Из случайного разговора я узнал, что весь этот лагерь будут отправлять в Норильск.
Ну, как тут не поверить в судьбу? Ещё в 1941 году меня везли в этот Норильск, но не довезли. Где только не побывал, но теперь мой путь опять ведёт туда же.
Я долго думал, что же это за место? И почему оно так важно для советской власти, что столько людей туда везут?
С 12 часов через репродукторы начали объявлять, чтобы все собирались к вахте, где будут вызывать по фамилиям и отмечать. Эта перекличка шла довольно медленно, и тогда в лагерь привезли настоящий оркестр из лагеря № 4 "Норильскстроя"2. Я слыхал про этот лагерь ещё тогда, когда сидел на гидролизном заводе. Его содержали в образцовом порядке, и там был не только свой духовой оркестр, но даже что-то вроде театра. Там
2 Видимо, здесь неточность: речь должна идти о 8-м лаготделении Норильлага, которое находилось в Красноярске, тогда как 4-е л/о находилось в Дудинке.
были ещё разные мастерские, почти что фабрики. Этот лагерь всем себя сам обеспечивал, у него даже были земельные угодья, скот и свиноферма.
Но вернёмся к вахте, где продолжалась перекличка. Некоторые офицеры уже охрипли от выкрикивания фамилий. Вот уже и ночь, а спать не отпускают. Оркестр играет, певцы поют.

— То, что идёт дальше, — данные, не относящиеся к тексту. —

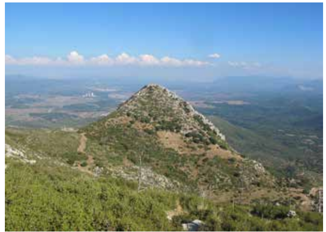
Top: Students exploring a new trail to Ayios Giorgios. Bottom left: Participants of the field school at the church to St. George. Bottom right: The peak of Ayios Giorgios.

Character assessment of the landscape is important for the understanding of the way in which trails intersect with the environment. In order to position appropriate way-finding and trail head signs, each trail must be thoroughly studied. Sometimes existing agricultural roads can be used for trails with little or no modification. Other times, trails will need to be created across an unmarked landscape. Assessments must take note of geological formations, water sources, flora and fauna, views, structures, and points of interest. Consideration of types of trees growing nearby trails: walnuts, chestnut, plane trees, and oaks were noted as they can be informative about the use of the land, climate, soil conditions, or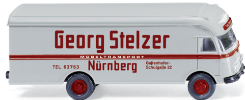
0500 01 Möbelwagen (Ackermann)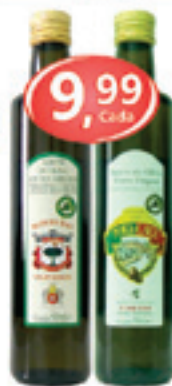
Azeite Port. Monte das Oliveiras Portugale Vidro 500ml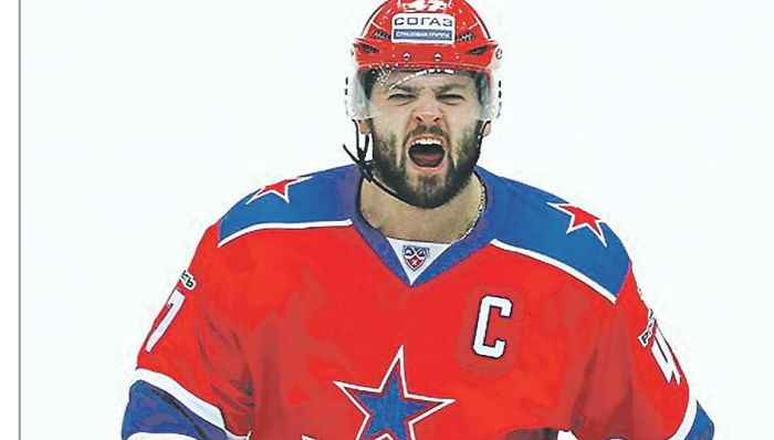
Также во второй раз Александр Радулов признан в этом году самым ценным игроком регулярного чемпионата КХЛ

ГОСУДАРСТВЕННОЕ БЮДЖЕТНОЕ УЧРЕЖДЕНИЕ СВЕРДЛОВСКОЙ ОБЛАСТИ «РЕДАКЦИЯ ГАЗЕТЫ "ОБЛАСТНАЯ ГАЗЕТА"». ОБЩЕСТВЕННО-ПОЛИТИЧЕСКОЕ ИЗДАНИЕ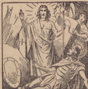
«Od mrtvih je gorisztano.»

* Jezus je v nedelo gorisztano, zaútra rano; szpomín njegovoga gorisztanjenja na vúzem , ali veliko noc obszlú-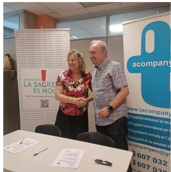
Signatures de col·laboració amb el SAAC i T'acompanyem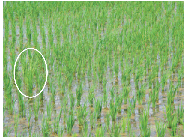
第1図 水稲ほ場内で出穂したカズノコグサ（2021.6.8撮影）

聞き取り調査は2022年から2024年の3年間で実施した。カズノコグサ発生ほ場は秋田県沿岸部の水田（150m×125m）であり、対象ほ場を管理している生産者および地域振興局農林部の採種ほ場担当者から管理方法等について聞き取りを実施した。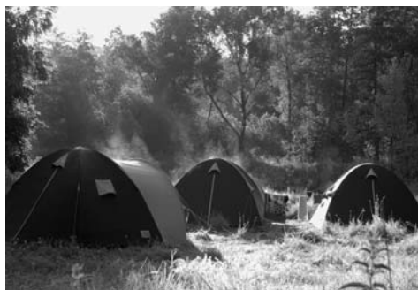
Фото 1. Лагерь полевой практики по зоологии на берегу р. Керша (июнь 2009 г.)

Выросло число учащихся профильных классов, студентов и аспирантов, участвующих в выездных полевых практиках по зоологии. Это стало возможным благодаря современному оборудованию, необходимому для проведения полевых зоологических исследований (фото 1).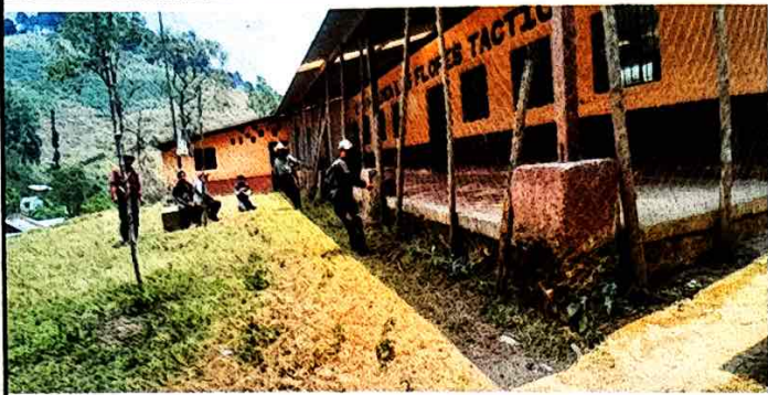
Foto1: Sustitución de cerco perimetral.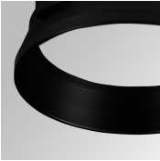
Cód. producto: HSRI65B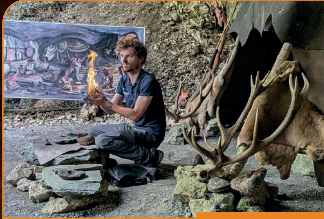
Le feu préhistorique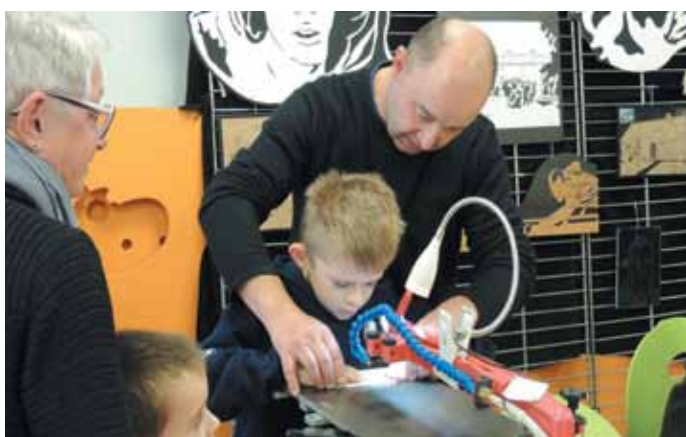
5 et 6 novembre. L'édition 2016 d'Artistes en fait a connu une forte affluence.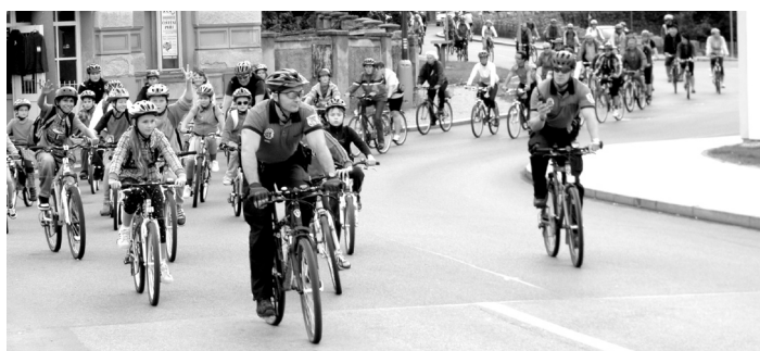
Jízda městem na dopravním prostředku poháněném vlastní silou.

prostředku poháněném vlastní silou, a to v úterý 18. 9. 2012. Hlavním cílem akce je v souladu s letošním tématem nabídnout možnosti a výhody alternativních druhů dopravy a podpořit využívání udržitelných způsobů dopravy. V průběhu týdne od 16. 9. 2012 do 22. 9. 2012 uspořádá odbor životního prostředí ve spolupráci s Městskou policií Strakonice, Policií ČR, Českým červeným křížem, STARZem Strakonice, HUSOTem, Občanským sdružením Cestou vůle a s žáky základních škol následující akce:

Только аплодисментов не было: каждый думал о том, что его ждёт впереди.
Свою фамилию я услышал под утро, где-то в четвёртом часу. Подхожу к столу, отвечаю на вопросы: фамилия, имя, отчество, год рождения, статья и срок. Всё сходится, и охранник выводит меня за ворота лагеря, где уже сидят на земле человек сто. И меня посадили с ними. То и дело приводили ещё кого-нибудь, и это продолжалось до 7 или 8 часов утра.
Потом нам принесли хлеб, по четверти буханки ("кирпича") на каждого, и воду ("кипяток"). Нас подняли и опять пересчитали. Было уже, наверно, 9 часов утра, когда нас погнали на ту пристань, где семь лет назад я носил на баржи цемент. Мы пришли на место около 12 часов дня, и снова завертелась та же карусель: выкликают по фамилии, задают те же вопросы, которых не буду больше повторять. Опять всех сажают на землю, но теперь ближе к берегу, у трапа, приставленного к борту большой баржи.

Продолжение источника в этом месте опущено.